Asked about the removal of suicide as a legitimate reason for women to seek an abortion, as in the proposed amendment, she says this would "deny the reality of what I experienced". She doesn't think she was suicidal when pregnant but was "severely psychologically distressed", and believes the removal of the suicide grounds "is in reality a denial of the validity of psychological distress as a real, meaningful experience.

"To me, it's the State saying psychological distress, or mental well-being, is not a 'real' reason for needing radical intervention. And of course it implies women can't be trusted to tell the truth about their psychological situation.

"I now see a private psychotherapist and though it's not primarily because of the abortion, we do discuss it. He has told me more than once that in his opinion I made the right decision considering my mental and emotional state at the time.
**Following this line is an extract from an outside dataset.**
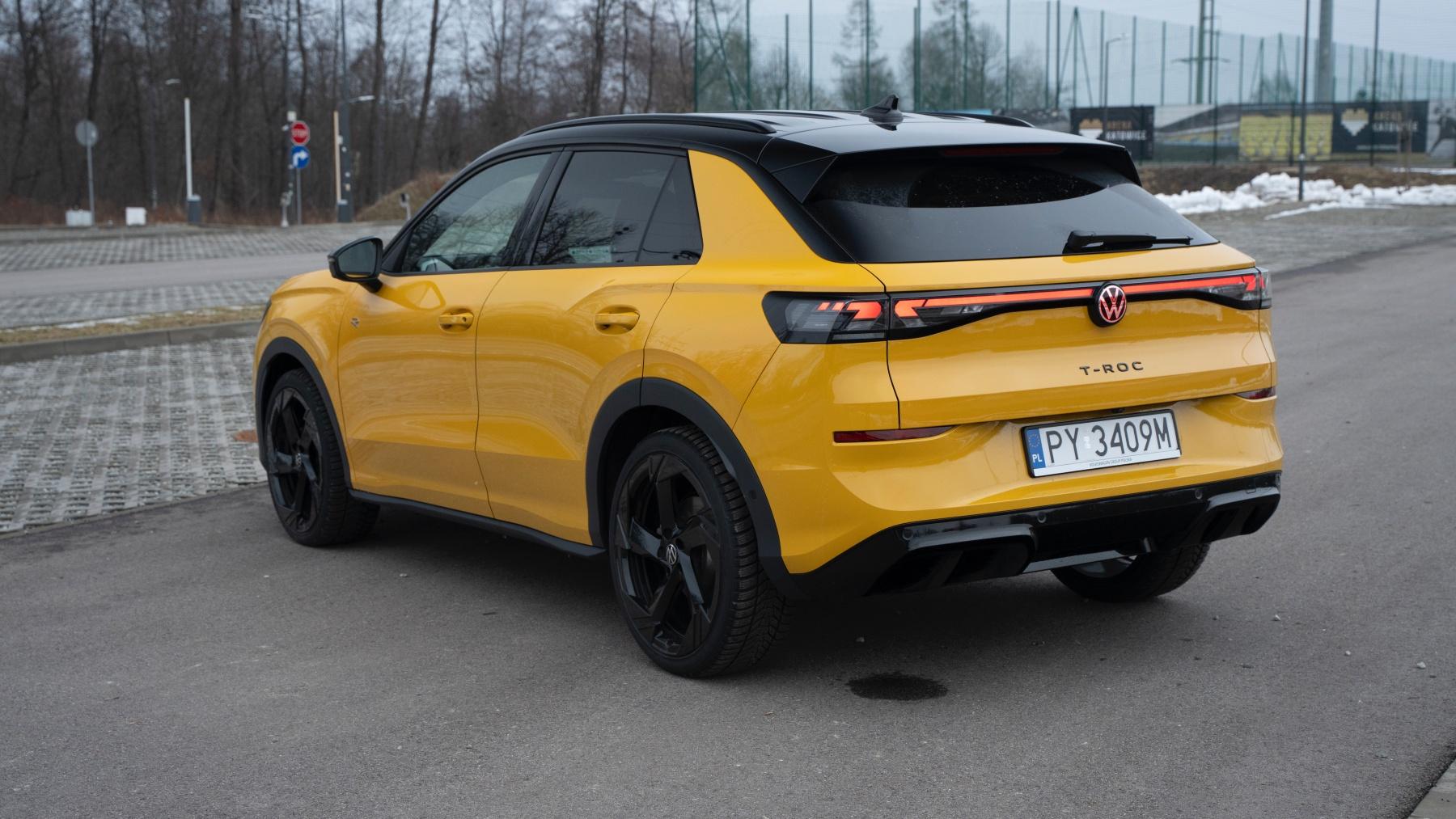 Parę słów powiem natomiast o testowanej konfiguracji, która bardziej przypadła mi do gustu od sprawdzanego wcześniej białego egzemplarza. Testowany samochód również trafił do mnie w wersji R-Line, jednak różnił się kolorem i wzorem felg. Żółty lakier "Canary" z czarnym dachem (2050 zł) w połączeniu z czarnymi dodatkami pakietu Black Style (2730 zł) w postaci wykończenia grilla, wstawek na zderzakach czy listw wokół szyb, czyni z niego rzucającego się w oczy miejskiego "zawadiakę". Do dziarskiego stylu nowego T-Roca R-Line pasują olbrzymie, aż 20-calowe czarne felgi o wymyślnym wzorze Calgary (2530 zł), które w połączeniu z resztą elementów pakietu R-Line sprawiają, że auto prezentuje się niczym podniesiony hot hatch. Z drugiej strony w mieście tak duże koła są totalnie niepraktyczne.

He has also told me he has treated a number of women who, before having abortions, would have labelled themselves 'pro-life'. To me this is clear evidence that the abortion issue is too complex to be put to the electorate in a referendum."

She sees the "theoretical" value of the Government-established Crisis Pregnancy Agency, saying, "it signifies the State is partly admitting to the reality of crisis pregnancies". But she believes it is not adequate, "because the State is still exporting women who opt for abortion to the UK".
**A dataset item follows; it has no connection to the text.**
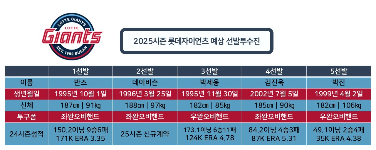 무엇보다 국내 에이스인 박세웅이 분전을 해줘야 한다. 2024시즌, 이닝 소화에 있어서만큼은 자신의 몫을 다 했지만, 한 경기 내에서도 갑자기 밸런스가 오락가락하는 등 내용상으로는 불안한 모습을 자주 노출했다. 박세웅은 팀의 변수가 되어서는 안되는 선수다. 다른 핑계를 댈 수가 없다. 에이스는 무조건 잘해야 한다. 에이스가 흔들리면 단순히 한 선수가 흔들리는 걸 넘어서 팀의 근간이 흔들리게 된다.개인적으로는 박세웅이 24시즌보다는 안정적인 모습으로 25시즌을 치러내지 않을까 예상한다. 본인을 위해서나, 팀을 위해서나 꼭 그래야 한다.

"I hope its [the agency's\] strategy will be to nurture a nation that has a more mature attitude toward emotional and sexual relationships and crises, but I fear its success would be endangered by resistance from Catholic sources and some parents' groups, in the same way they resisted the introduction of the Relationships and Sexual Education programme in schools." Ella didn't want an abortion, she says. She didn't want a crisis pregnancy.

"But I was an emotionally troubled person anyway, and desperately psychologically distressed when I found out I was pregnant. That's reality. In order to survive I took control of my life and chose abortion." The amendment, she concludes, is coercive and regressive. "It undermines my mental health by invalidating my right to it. It's saying I'm not trustworthy and it's saying I'm a criminal. I'm trying to remain impassive about the manipulated versions of abortion being bandied about in the run-up to the referendum.

"I'll be voting No and following my counsellor's advice that my abortion is not someone else's political or social issue, but a decision I made for valid reasons."